◆ PROBLEM STATEMENT ◆
Your output should be the exact lines from the start of the data through the line containing "Entwicklung zielgruppengerechter Layouts", with no pictures.

DATA EXCERPTS: Begin

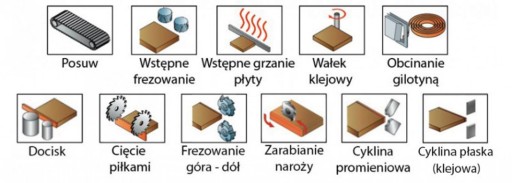 - przyklejenia obrzeża. Dobre wiązanie pomiędzy obrzeżem a płytą zapewnia zespół 2 rolek dociskowych z regulacją siły docisku i odpowiednio skonfigurowanych.
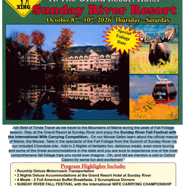 WILMINGTON, MA — The Wilmington Recreation Department is offering a 3-day trip to the mountains of Maine, with a two night stay at the Grand Resort at Sunday River from Thursday, October 8, 2026 to Saturday, October 10, 2026. The trip costs $1,170 for a single; $960 per person for a double; and $940 per person for a triple. Learn more HERE.
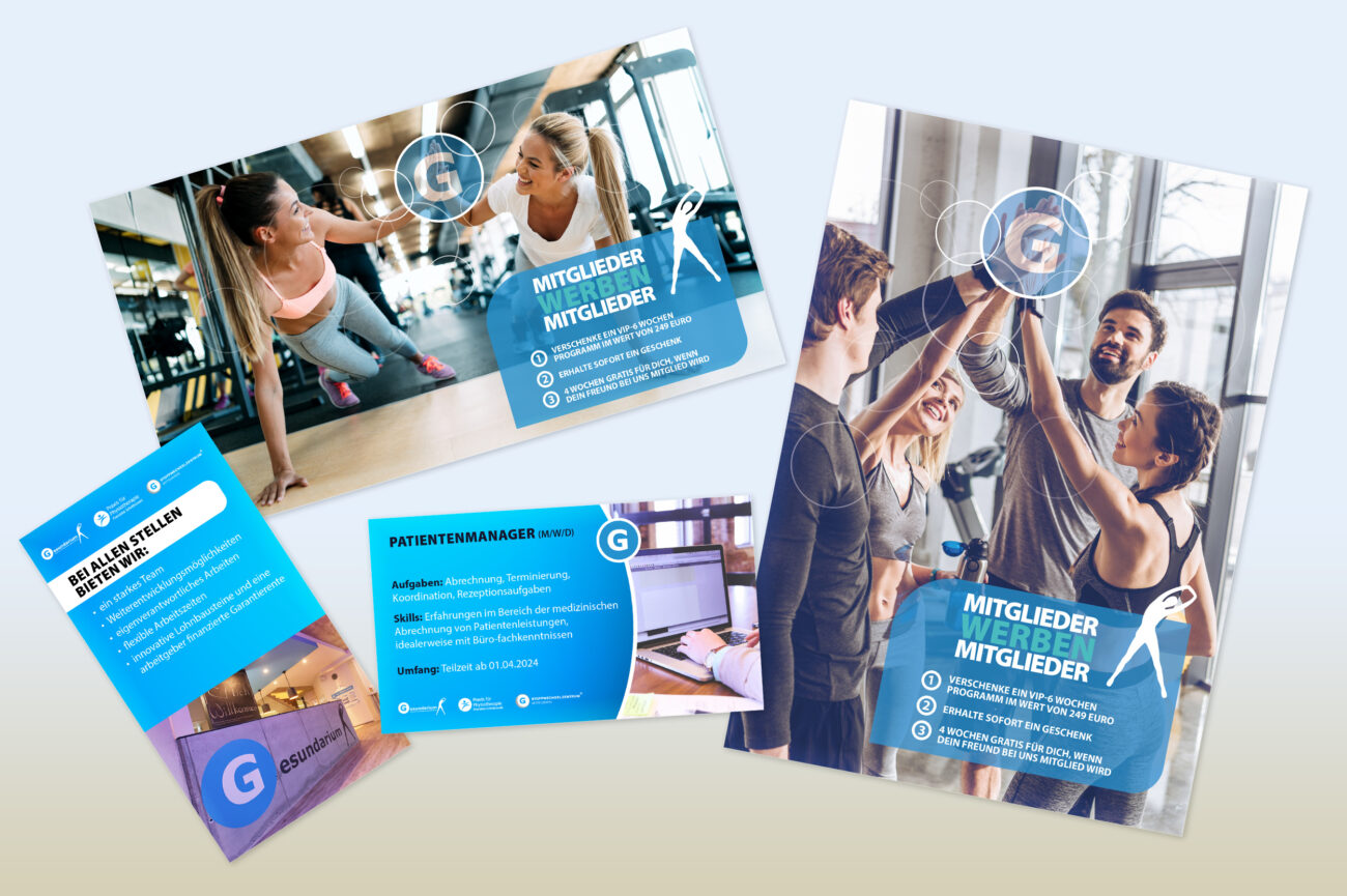 Entwicklung zielgruppengerechter Layouts für Flyer, Broschüren, Plakate und Geschäftsausstattung mit klarer visueller Hierarchie.
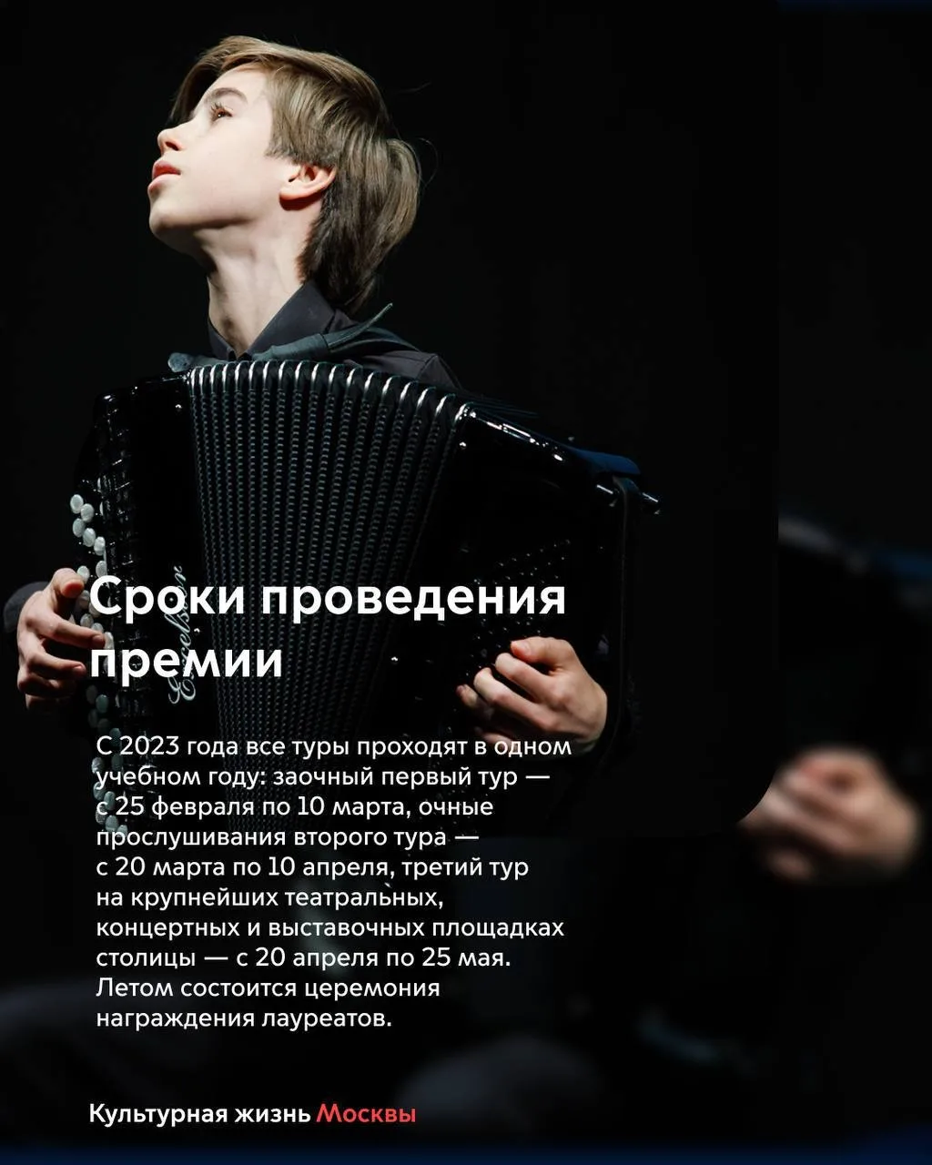 Очные прослушивания второго тура пройдут с 20 марта по 10 апреля. В рамках третьего этапа открытые выступления и выставки на лучших площадках столицы продлятся с 20 апреля по 25 мая. Экспертное жюри определит лауреатов в каждой из номинаций — торжественная церемония награждения пройдет с 30 мая по 5 июня.
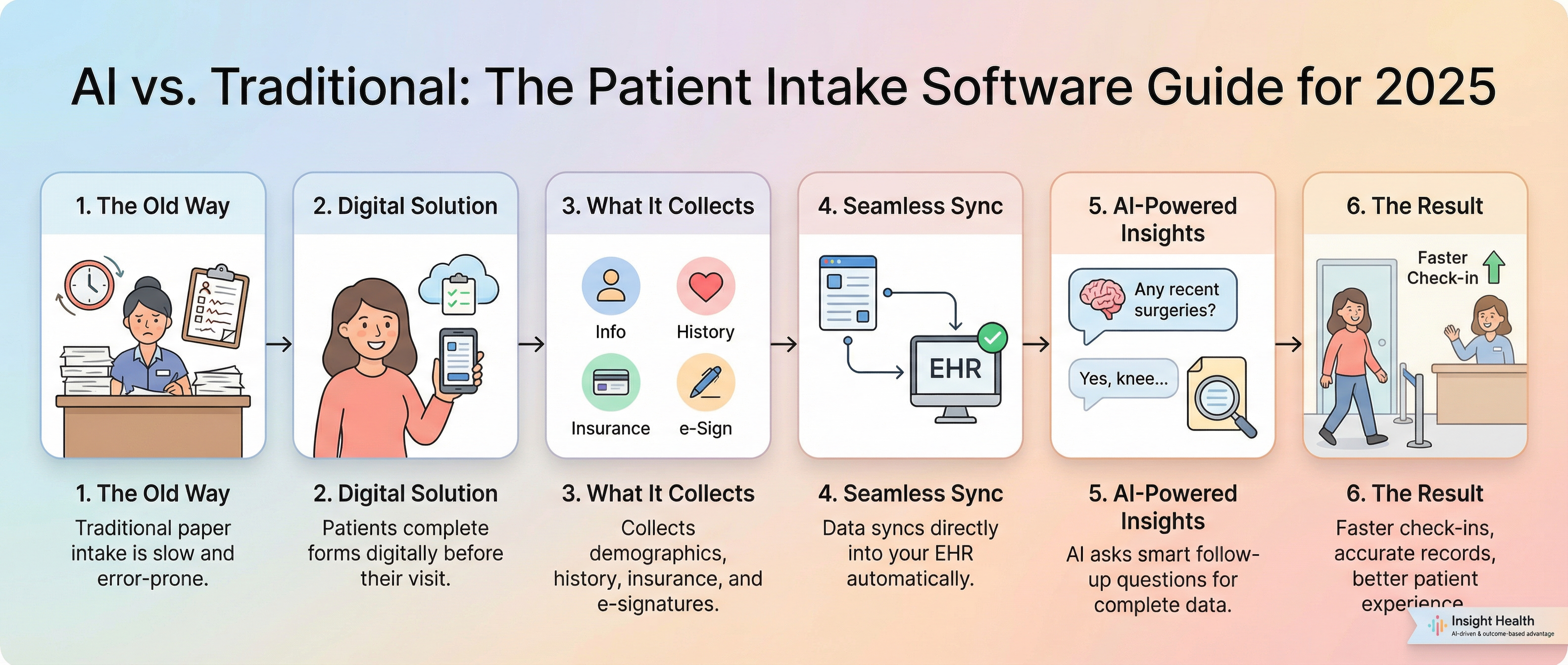 Insight Health integrates with your existing EHR and adds AI-powered intake on top. If you are happy with your current EHR and want to add automation without replacing your tech stack, this approach makes sense.

DATA EXCERPTS: End

◆ ANSWER SECTION ◆
 - przyklejenia obrzeża. Dobre wiązanie pomiędzy obrzeżem a płytą zapewnia zespół 2 rolek dociskowych z regulacją siły docisku i odpowiednio skonfigurowanych.
 WILMINGTON, MA — The Wilmington Recreation Department is offering a 3-day trip to the mountains of Maine, with a two night stay at the Grand Resort at Sunday River from Thursday, October 8, 2026 to Saturday, October 10, 2026. The trip costs $1,170 for a single; $960 per person for a double; and $940 per person for a triple. Learn more HERE.
 Entwicklung zielgruppengerechter Layouts für Flyer, Broschüren, Plakate und Geschäftsausstattung mit klarer visueller Hierarchie.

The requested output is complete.